Aim of the exercise ->
Using the data that follows, give again word for word the lines between the one holding "搜索关键词 甘蔗汁 新丰, 甘蔗饮品" and the one holding "比如我想外露的內(nèi)容", inclusive. Omit the pictures.

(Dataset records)
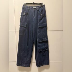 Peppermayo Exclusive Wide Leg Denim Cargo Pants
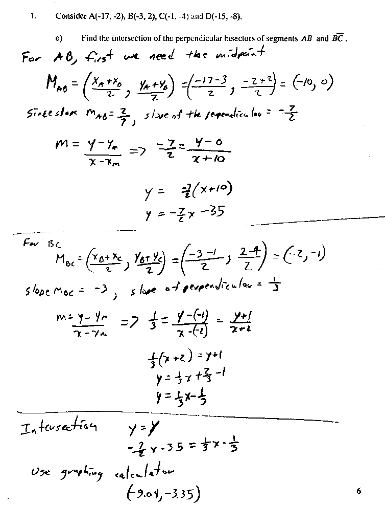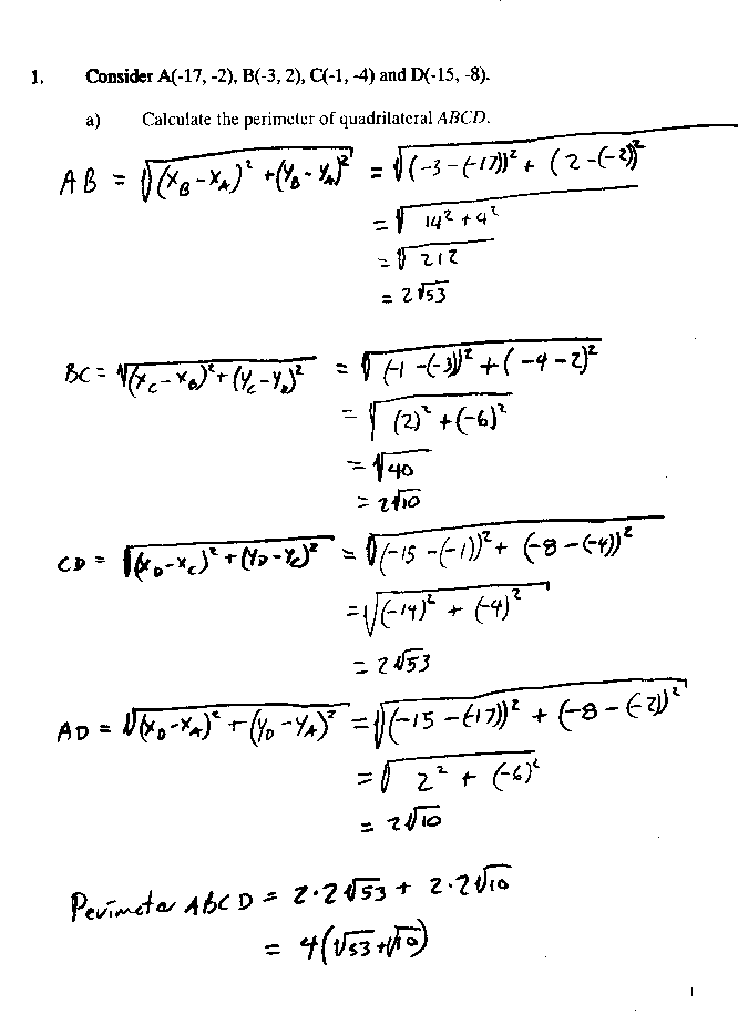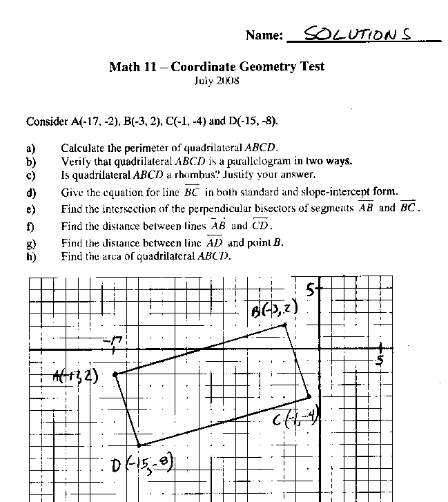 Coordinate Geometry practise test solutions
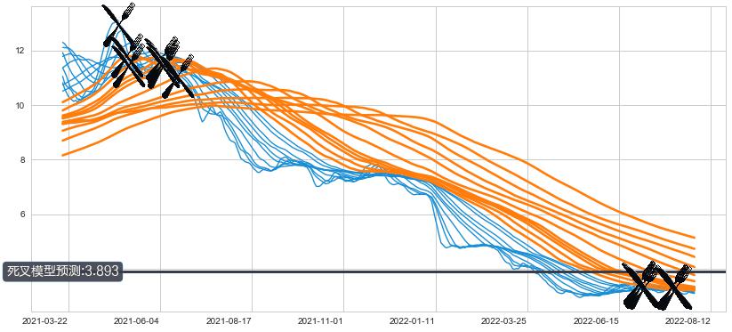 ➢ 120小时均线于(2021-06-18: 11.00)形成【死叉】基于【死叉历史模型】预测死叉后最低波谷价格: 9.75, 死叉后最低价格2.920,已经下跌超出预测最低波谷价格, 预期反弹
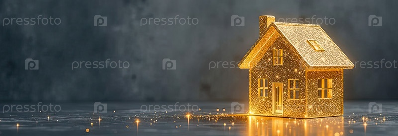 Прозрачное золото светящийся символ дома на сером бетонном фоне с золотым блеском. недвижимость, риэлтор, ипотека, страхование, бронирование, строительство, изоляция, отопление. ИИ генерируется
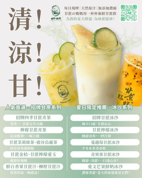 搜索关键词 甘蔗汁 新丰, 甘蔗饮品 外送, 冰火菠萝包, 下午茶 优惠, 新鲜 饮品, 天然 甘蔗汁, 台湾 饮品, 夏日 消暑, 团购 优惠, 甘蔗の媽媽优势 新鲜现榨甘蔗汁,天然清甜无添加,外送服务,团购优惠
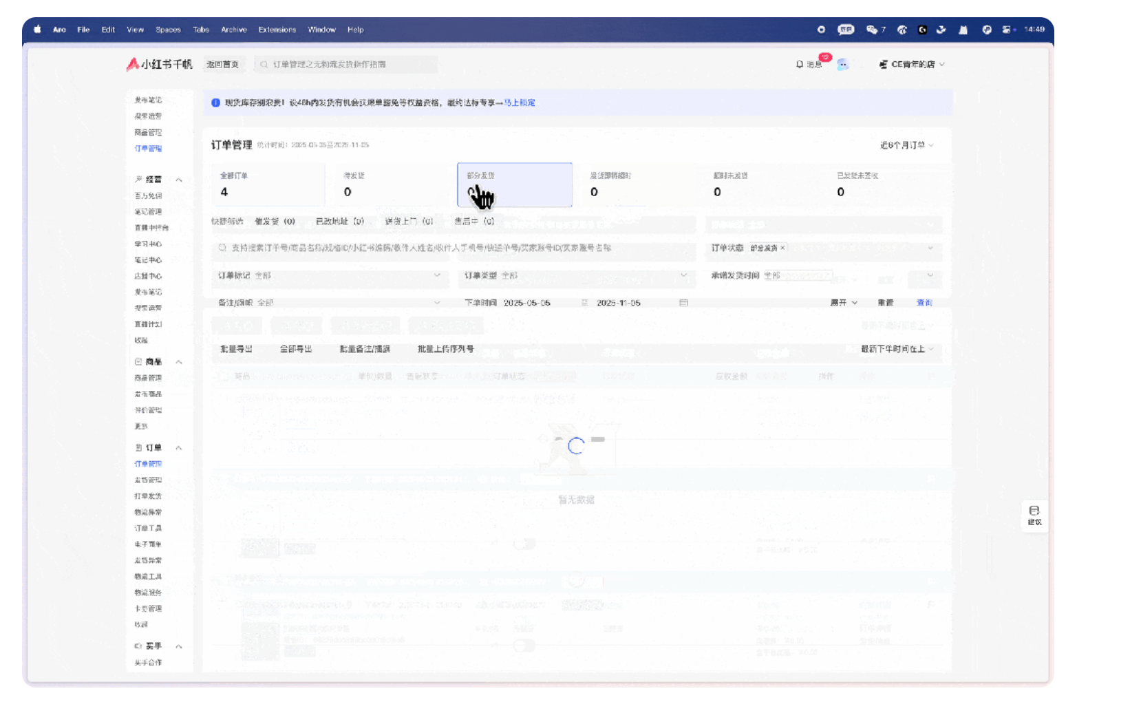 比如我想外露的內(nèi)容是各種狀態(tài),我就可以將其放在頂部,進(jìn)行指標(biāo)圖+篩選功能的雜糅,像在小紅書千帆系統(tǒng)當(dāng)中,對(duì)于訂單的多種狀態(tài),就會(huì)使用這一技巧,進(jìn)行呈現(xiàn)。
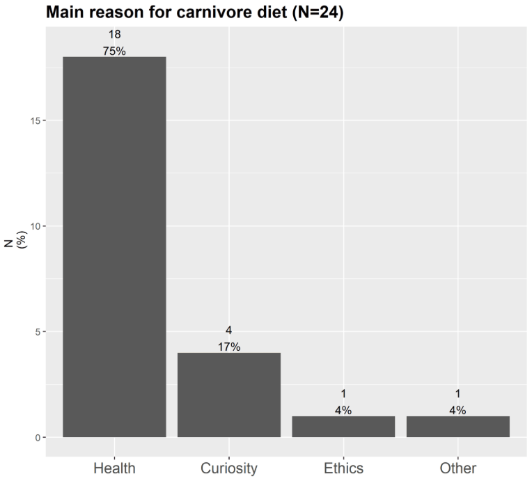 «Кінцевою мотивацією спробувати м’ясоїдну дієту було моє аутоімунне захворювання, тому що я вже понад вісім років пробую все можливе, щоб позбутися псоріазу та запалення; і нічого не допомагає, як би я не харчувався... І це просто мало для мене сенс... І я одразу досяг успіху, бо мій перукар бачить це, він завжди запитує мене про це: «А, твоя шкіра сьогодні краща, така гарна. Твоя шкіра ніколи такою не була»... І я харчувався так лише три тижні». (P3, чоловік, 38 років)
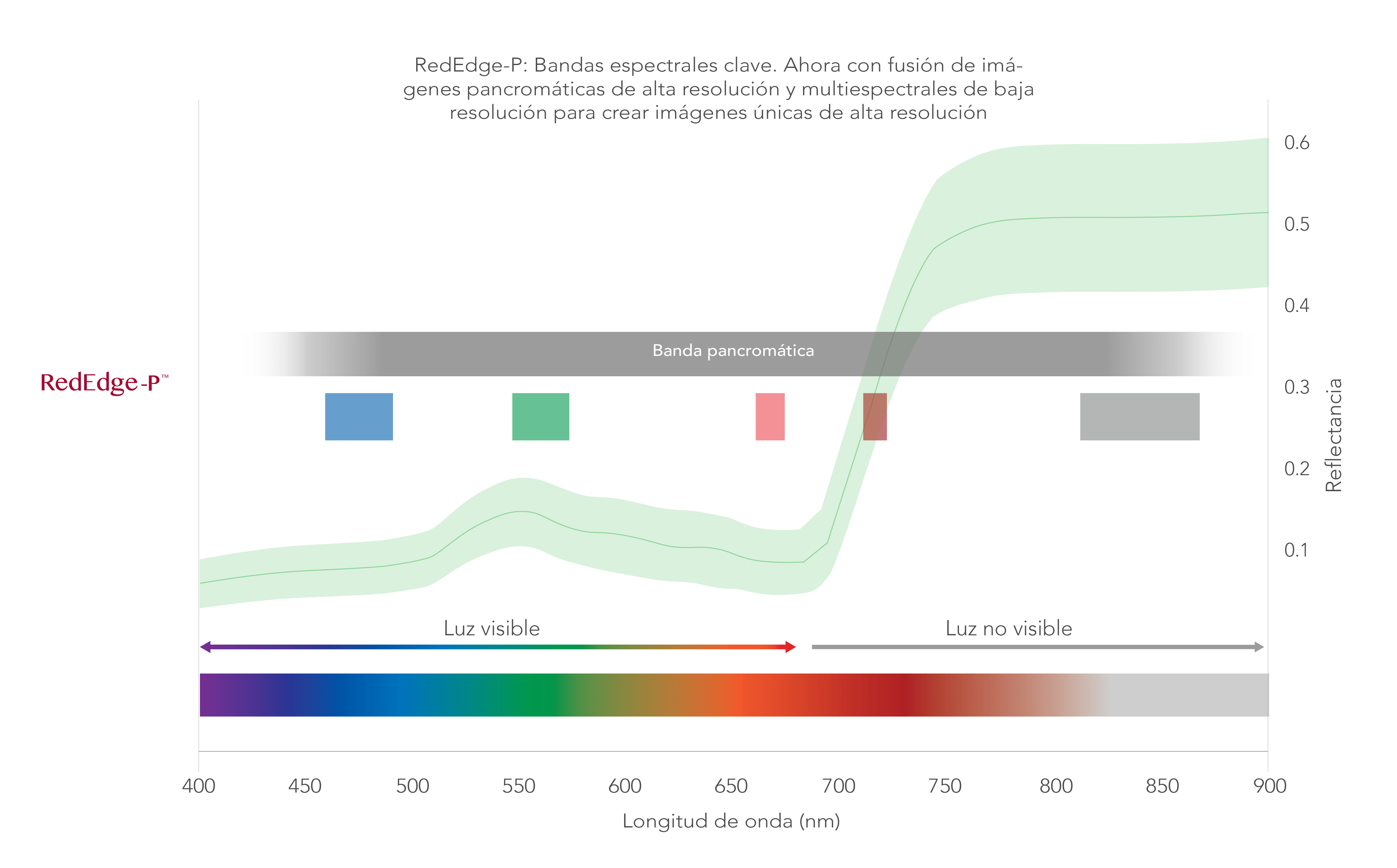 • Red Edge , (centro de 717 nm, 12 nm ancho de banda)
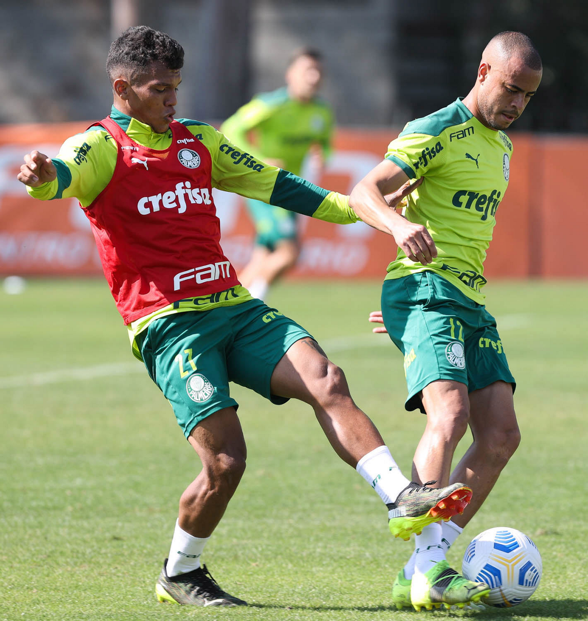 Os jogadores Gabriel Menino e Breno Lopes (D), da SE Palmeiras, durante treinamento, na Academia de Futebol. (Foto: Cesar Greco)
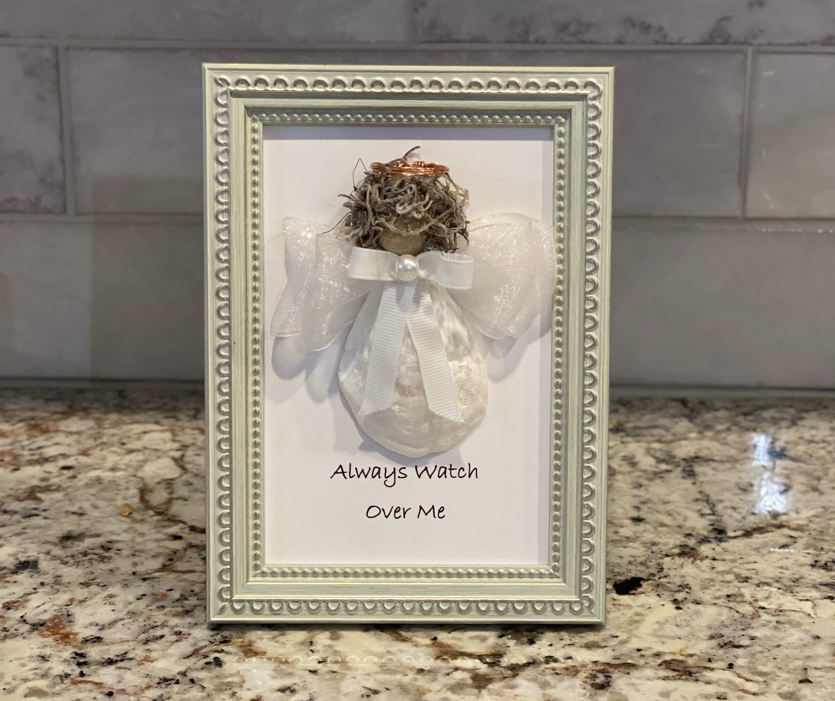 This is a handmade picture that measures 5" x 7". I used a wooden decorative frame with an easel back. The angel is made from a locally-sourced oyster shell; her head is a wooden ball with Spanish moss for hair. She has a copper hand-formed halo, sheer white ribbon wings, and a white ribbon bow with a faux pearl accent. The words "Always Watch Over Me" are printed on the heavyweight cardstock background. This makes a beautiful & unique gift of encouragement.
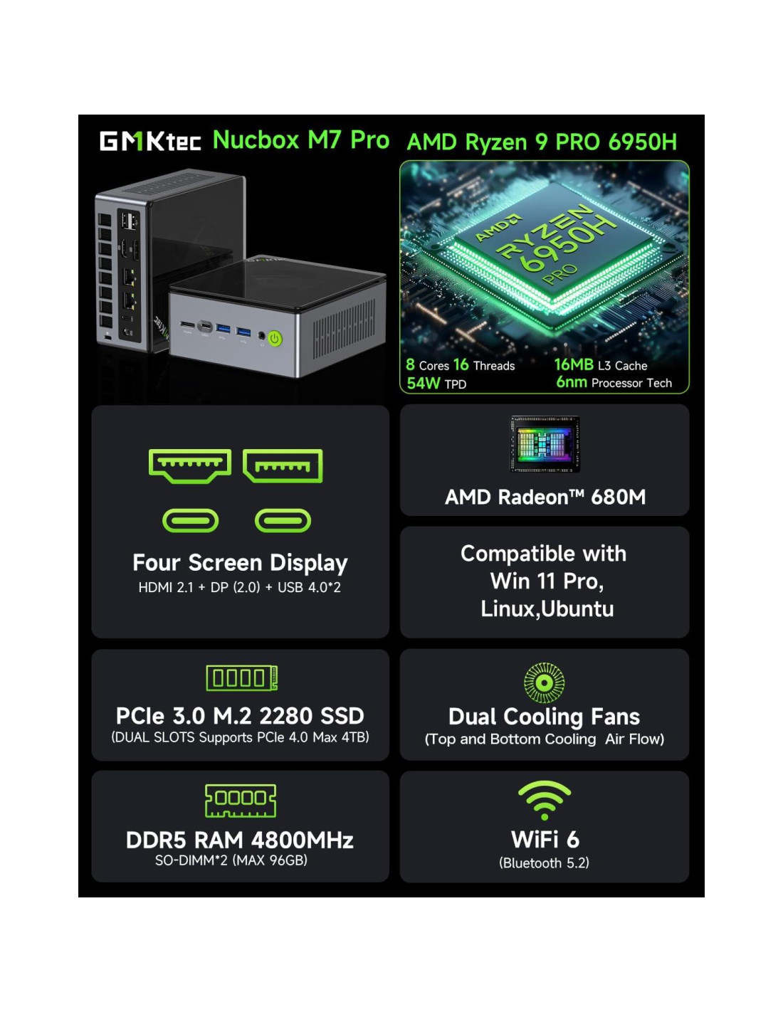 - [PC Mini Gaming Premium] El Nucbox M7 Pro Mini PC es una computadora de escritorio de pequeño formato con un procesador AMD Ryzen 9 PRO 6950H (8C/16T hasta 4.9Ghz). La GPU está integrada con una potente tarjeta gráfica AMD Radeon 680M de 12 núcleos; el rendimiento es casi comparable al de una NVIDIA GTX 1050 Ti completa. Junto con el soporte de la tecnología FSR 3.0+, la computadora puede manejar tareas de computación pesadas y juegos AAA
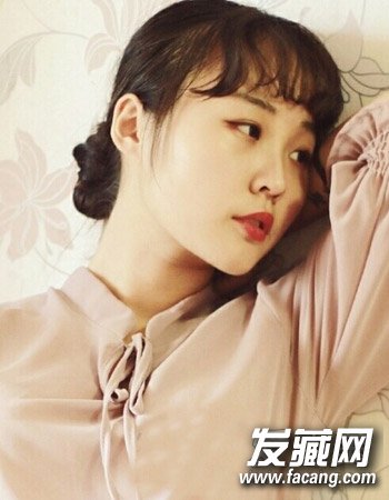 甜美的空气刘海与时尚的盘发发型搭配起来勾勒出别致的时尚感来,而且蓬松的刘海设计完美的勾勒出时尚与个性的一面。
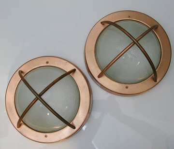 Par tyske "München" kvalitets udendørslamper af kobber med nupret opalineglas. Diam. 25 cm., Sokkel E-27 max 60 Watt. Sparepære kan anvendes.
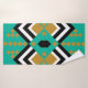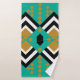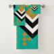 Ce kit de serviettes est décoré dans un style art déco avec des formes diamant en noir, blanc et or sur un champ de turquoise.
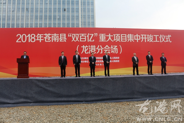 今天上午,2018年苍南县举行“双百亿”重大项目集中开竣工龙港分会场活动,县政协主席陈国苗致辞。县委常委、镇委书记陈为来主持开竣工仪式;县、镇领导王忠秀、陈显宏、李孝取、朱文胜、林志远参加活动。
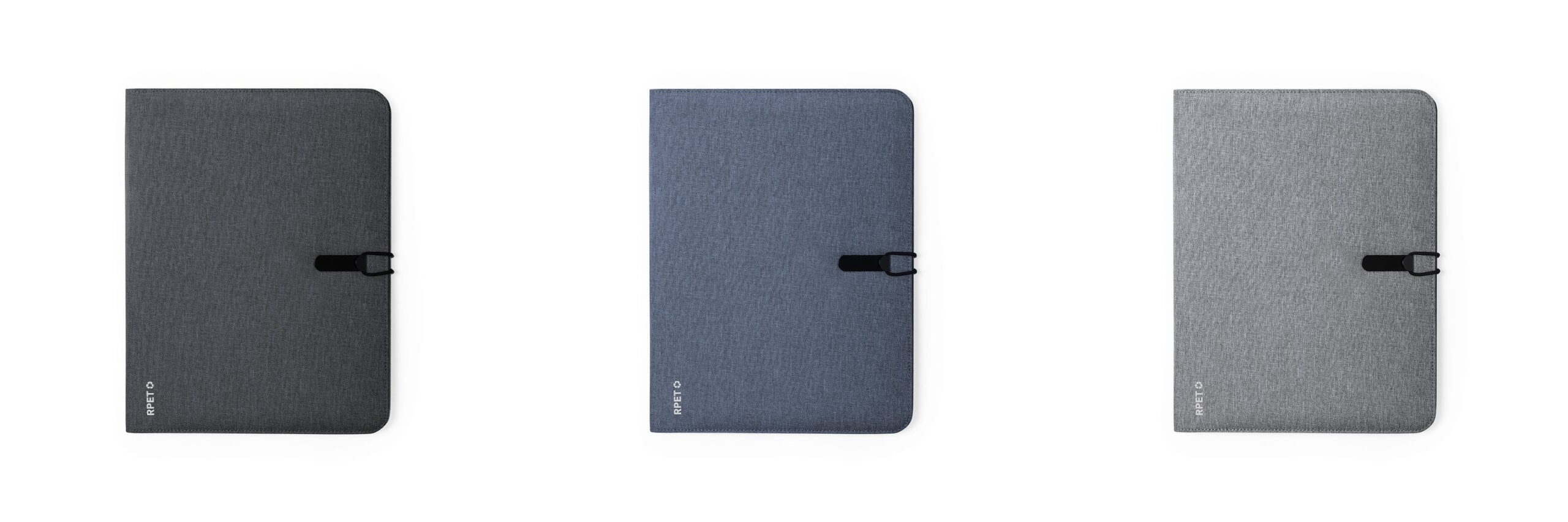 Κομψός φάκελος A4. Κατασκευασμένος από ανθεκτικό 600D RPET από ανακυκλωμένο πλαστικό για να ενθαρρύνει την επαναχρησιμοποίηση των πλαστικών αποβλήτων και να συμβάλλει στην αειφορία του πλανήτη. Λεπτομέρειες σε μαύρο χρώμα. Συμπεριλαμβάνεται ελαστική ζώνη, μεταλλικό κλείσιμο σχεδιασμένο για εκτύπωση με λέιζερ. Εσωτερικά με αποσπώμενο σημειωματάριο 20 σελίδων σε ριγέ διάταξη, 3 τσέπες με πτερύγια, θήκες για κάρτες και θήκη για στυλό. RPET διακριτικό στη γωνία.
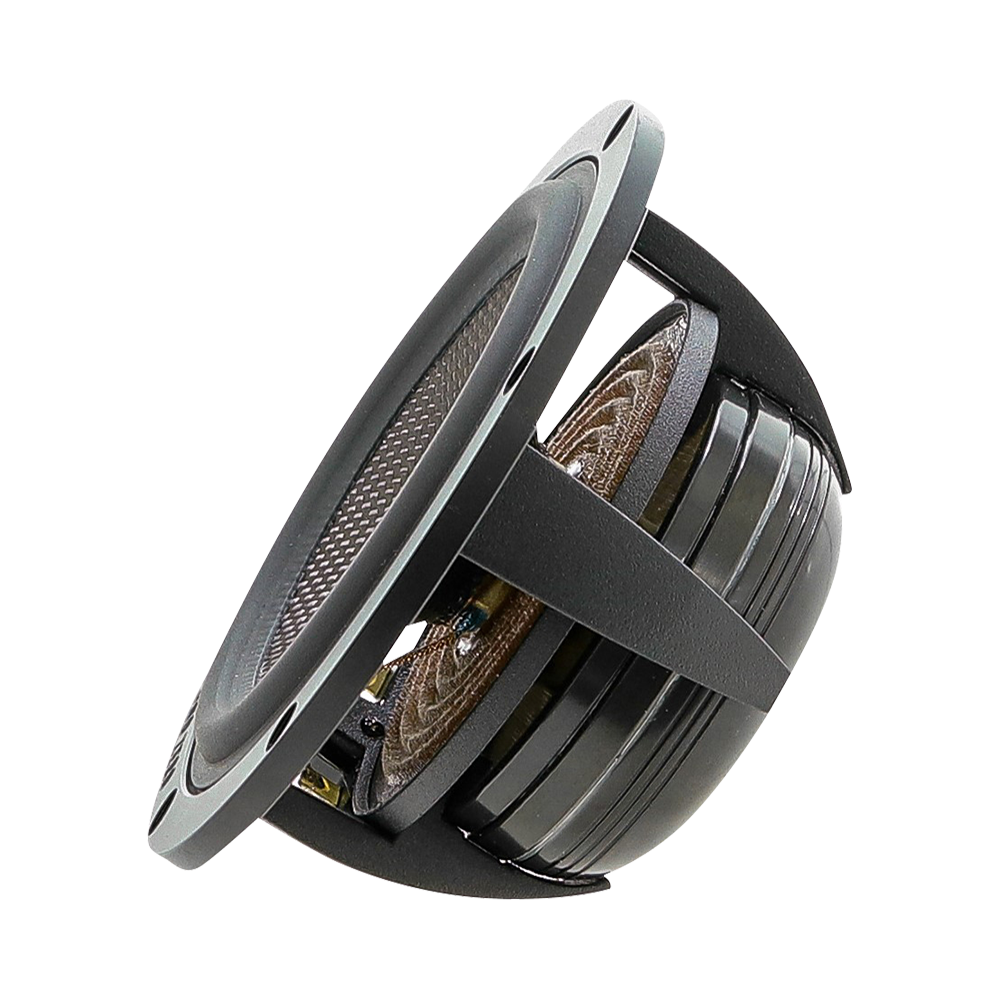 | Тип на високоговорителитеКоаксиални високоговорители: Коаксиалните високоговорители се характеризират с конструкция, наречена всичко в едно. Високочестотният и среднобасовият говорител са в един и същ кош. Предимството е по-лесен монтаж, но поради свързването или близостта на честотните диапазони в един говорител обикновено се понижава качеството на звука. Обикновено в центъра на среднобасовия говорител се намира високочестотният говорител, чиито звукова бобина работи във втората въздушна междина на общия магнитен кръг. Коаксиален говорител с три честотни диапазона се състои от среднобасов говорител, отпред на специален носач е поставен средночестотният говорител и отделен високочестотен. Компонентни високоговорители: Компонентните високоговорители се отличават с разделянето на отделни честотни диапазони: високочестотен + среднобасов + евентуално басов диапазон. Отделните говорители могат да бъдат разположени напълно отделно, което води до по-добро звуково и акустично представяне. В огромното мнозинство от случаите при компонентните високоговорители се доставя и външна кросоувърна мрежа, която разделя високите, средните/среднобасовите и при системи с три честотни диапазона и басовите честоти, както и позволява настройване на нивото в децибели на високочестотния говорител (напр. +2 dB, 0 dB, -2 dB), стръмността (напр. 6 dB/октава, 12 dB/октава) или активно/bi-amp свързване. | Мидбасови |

Solution to the exercise ->
 搜索关键词 甘蔗汁 新丰, 甘蔗饮品 外送, 冰火菠萝包, 下午茶 优惠, 新鲜 饮品, 天然 甘蔗汁, 台湾 饮品, 夏日 消暑, 团购 优惠, 甘蔗の媽媽优势 新鲜现榨甘蔗汁,天然清甜无添加,外送服务,团购优惠
 比如我想外露的內(nèi)容是各種狀態(tài),我就可以將其放在頂部,進(jìn)行指標(biāo)圖+篩選功能的雜糅,像在小紅書千帆系統(tǒng)當(dāng)中,對(duì)于訂單的多種狀態(tài),就會(huì)使用這一技巧,進(jìn)行呈現(xiàn)。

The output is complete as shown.